Amazon has said "no" to that and they have every right to do so.  Those buildings are expensive to rent (or own) and maintain, and if the company didn't think there was value both in having the people in one place and whatever enhanced degree of reasonably knowing the employees were working at their job they obtained by it rather than watching Youtubes or walking their dog then that's their choice.  You can argue that the outcome should run the other way but you have no right to impose it on them.  Of course you can quit and go work somewhere else if you wish -- and some people will.  That's the natural balance between employers and employees.

Amazon's bet, I suspect, is that those who quit are those who are walking the dog or watching Youtube during a reasonable part of the time they are allegedly "working" and thus those who quit are those who contribute less on balance to the enterprise.  I'm sure there will be exceptions but that's their math and its their call which they have every right to make.

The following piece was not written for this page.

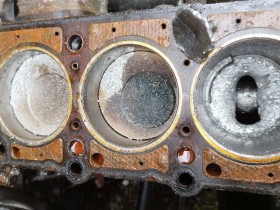 Zumal alle Kolben am Einlass massive Schäden haben. Lustiger Weise hörte man bei den Startversuchen absolut keine bösen Geräusche, daher hatte ich die letzten Wochen auch erstmal nur so Kram wie Steuerzeiten, Verteiler, Stauscheibe im Verdacht.

The market will determine whether or not they're right, but in the meantime this will cause a decent amount of reversion in the price ramps in lower-cost of living places because those who do quit now will have to find either another remote gig (likely at a materially-lower wage) or compete in their local economy and if the $200,000 job in Seattle pays $100,000 where they are now guess what -- that's what their new paycheck will be and thus the overpriced housing they drove upward will come back down to earth for everyone.

That is definitely of benefit to those local populations where said ramps occurred and I look forward to it.